Wu Xi, cependant, semblait perdu dans d'autres pensées. Il demanda soudain : «L'Empereur n’avait-il pas annoncé en début d’année qu’il souhaitait marier le prince héritier?»
« Comme il doit hériter du trône, il est indispensable qu'il prenne une consort », expliqua Jing Qi. « Les règles sont nombreuses, et le ministère des Rites doit organiser les préparatifs avec soin, tout en respectant le calendrier pour choisir un jour propice. C’est pour cela que tout a été retardé jusqu’à maintenant. »
Wu Xi acquiesça. « Je vois. Chez nous aussi, les mariages nobles sont des affaires interminables… Mais… » Il fronça les sourcils. « Et Mademoiselle Su ? »
Jing Qi cligna des yeux, ne saisissant pas où il voulait en venir. « Hein ? Quoi à propos d’elle ? »
Wu Xi se rendit aussitôt compte que parler avec cet homme revenait à un dialogue de sourds.

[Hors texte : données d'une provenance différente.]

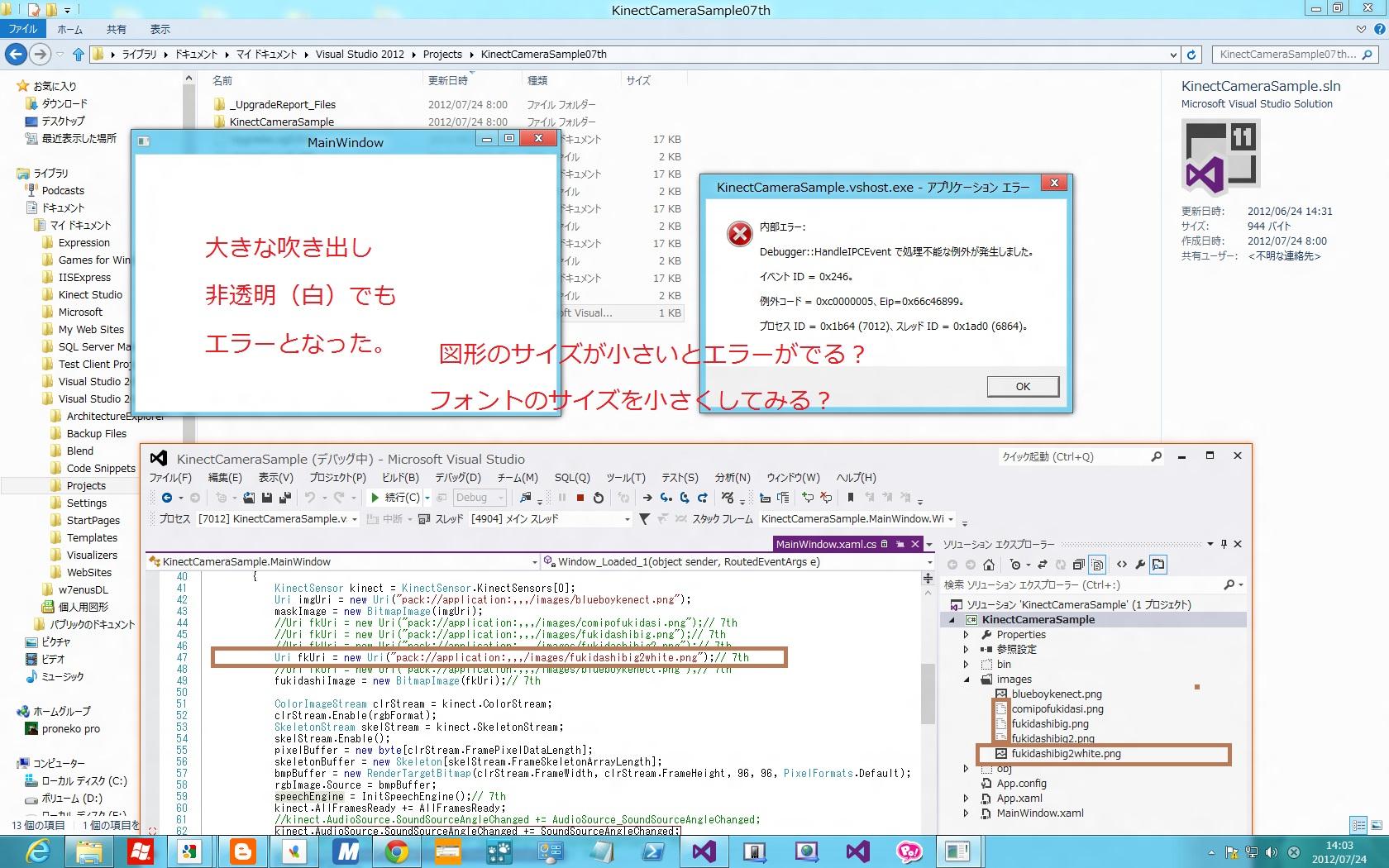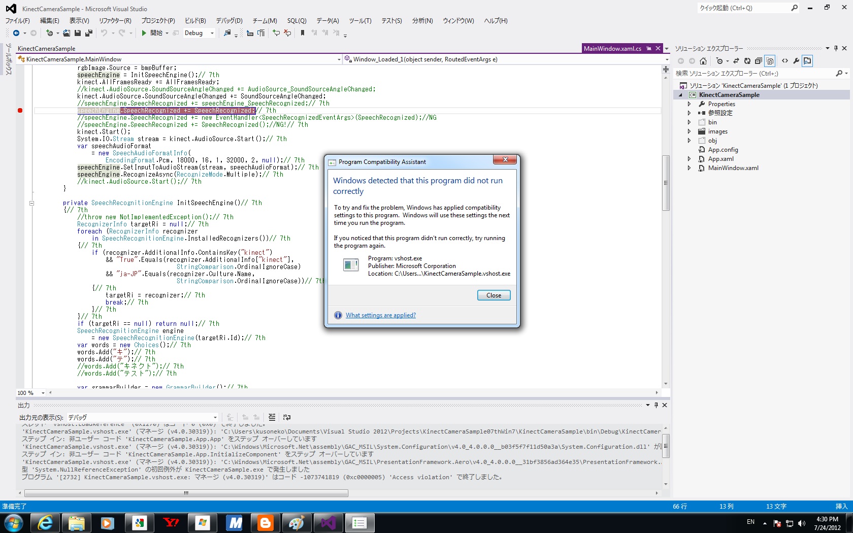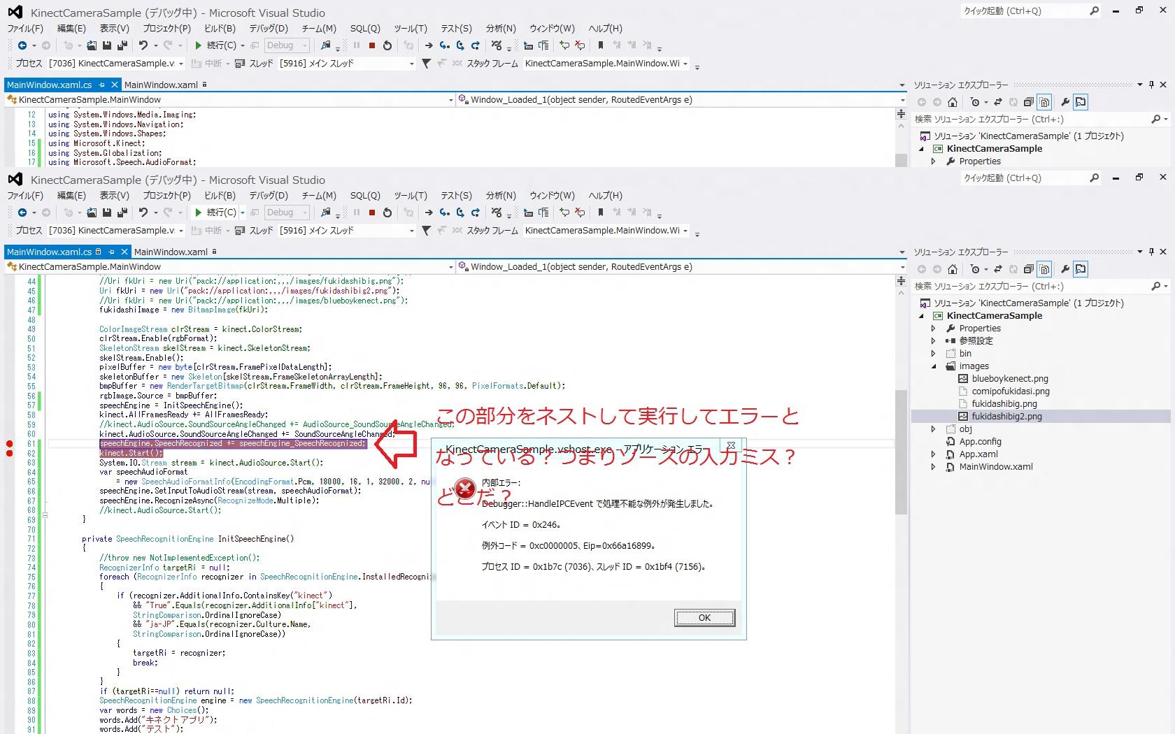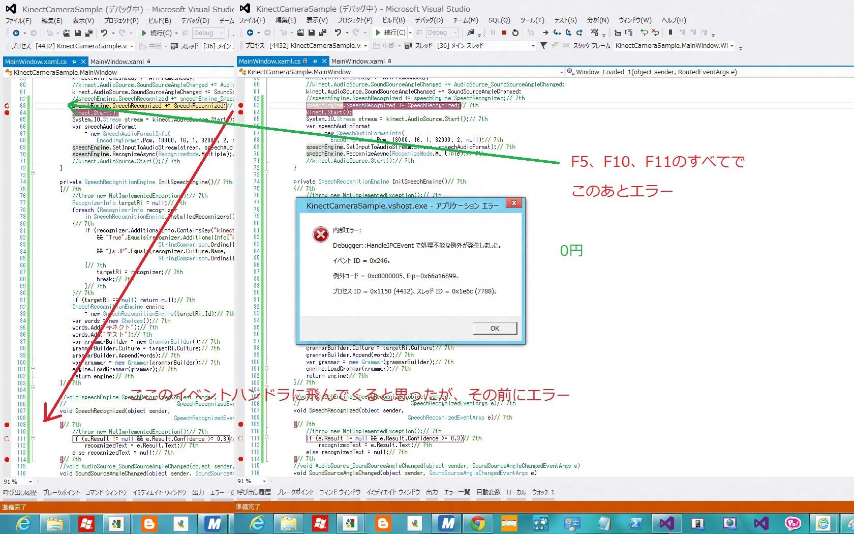 第7回 吹き出しテキスト改造後SpeechRecognizedのイベントハンドラ登録でエラー!

Avec une pointe d’agacement, il formula alors son accusation plus explicitement : «Le prince héritier était si proche de Mademoiselle Su auparavant, et maintenant, il épouse une autre femme. Très bien. Mais pourquoi, ces derniers mois, a-t-il continué à lui rendre visite ? » Il fronça les sourcils, l’air mécontent. « Ce n’est pas correct de sa part. »
« Alors va lui dire toi-même », répondit Jing Qi avec impuissance.

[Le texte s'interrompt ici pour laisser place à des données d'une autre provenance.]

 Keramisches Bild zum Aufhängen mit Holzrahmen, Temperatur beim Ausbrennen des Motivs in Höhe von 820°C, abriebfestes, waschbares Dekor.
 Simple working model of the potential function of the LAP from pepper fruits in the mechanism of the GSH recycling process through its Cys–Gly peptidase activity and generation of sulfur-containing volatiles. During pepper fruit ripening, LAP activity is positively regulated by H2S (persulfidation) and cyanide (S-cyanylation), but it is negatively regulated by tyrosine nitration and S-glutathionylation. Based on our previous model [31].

Wu Xi le fixa d’un regard critique. « Es-tu aussi comme ça ? »
Pris au dépourvu, Jing Qi se demanda : Quel rapport cela a-t-il avec moi ? Ne venait-il pas d’être faussement accusé ? Il laissa échapper un rire sec. « Quand ai-je agi ainsi ? Pourquoi m’accuses-tu sans raison… »
« Maître. » Avant qu’il ne termine sa phrase, Ji Xiang entra et lui tendit une carte d’invitation.
« Le marquis junior (NT : He Yunxing) a envoyé ceci. Aujourd’hui, c’est le Festival Qixi. Il vous prie de bien vouloir faire une apparition dans la salle de la Nuit des Orchidées ce soir, Prince. »
L’invitation était pour le moins particulière : son enveloppe, en satin rose, était ornée de délicates broderies. Lorsqu’il l’ouvrit, un parfum sucré lui monta immédiatement au nez.
Jing Qi comprit d’un seul coup d’œil de quoi il s’agissait. À cet instant précis, il se demanda si Ji Xiang, ce fichu gamin, n’avait pas choisi ce moment exprès pour le prendre de court.
L'odorat de Wu Xi était très aiguisé ; son nez le démangea légèrement sous l'effet de cette douce fragrance, et il ne put s'empêcher de le frotter. Intrigué, il jeta un regard plus attentif à l'invitation mais, étant un homme droit, courtois et d’une haute moralité, il ne posait guère de questions sur les affaires des autres.
Cependant, Ji Xiang poursuivit : « Le marquis junior a également précisé que, si le chamanet voulait bien lui faire cet honneur, vous pourriez y aller ensemble. Ce banquet n’a lieu qu’une fois tous les trois ans. Il était encore jeune la dernière fois, il n’y a donc jamais assisté. S’il le manque cette année, il devra attendre encore trois ans. Le marquis junior a aussi fait réserver une salle privée spécialement pour l'occasion. »
He Yunxing était de ceux qui redoutaient un monde trop paisible.
« Où sommes-nous invités ? » demanda alors Wu Xi.
« Chez nous, les Grands Qing, l’examen impérial d’automne a lieu tous les trois ans pour sélectionner les meilleurs talents (NT : examen impérial pour les futurs fonctionnaires). À chaque session, un Premier champion est désigné pour les épreuves littéraires et militaires, et il est admis comme protégé du Fils du Ciel », expliqua Ji Xiang, rayonnant. « Avez-vous déjà rencontré Seigneur Lu ? Il fut le meilleur en prose à l’examen. Savez-vous qui est la Première championne féminine, Chamanet ? »
Wu Xi commença à comprendre pourquoi cette invitation semblait si particulière. Il jeta un coup d’œil à Jing Qi et vit que ce dernier, ce « noble juste », évitait maladroitement son regard, la tête baissée, feignant d’être absorbé par son thé.
« La dernière fois, Son Altesse le Prince héritier a dit qu’il s’agissait de Mademoiselle Lune», répondit Wu Xi avec un sourire.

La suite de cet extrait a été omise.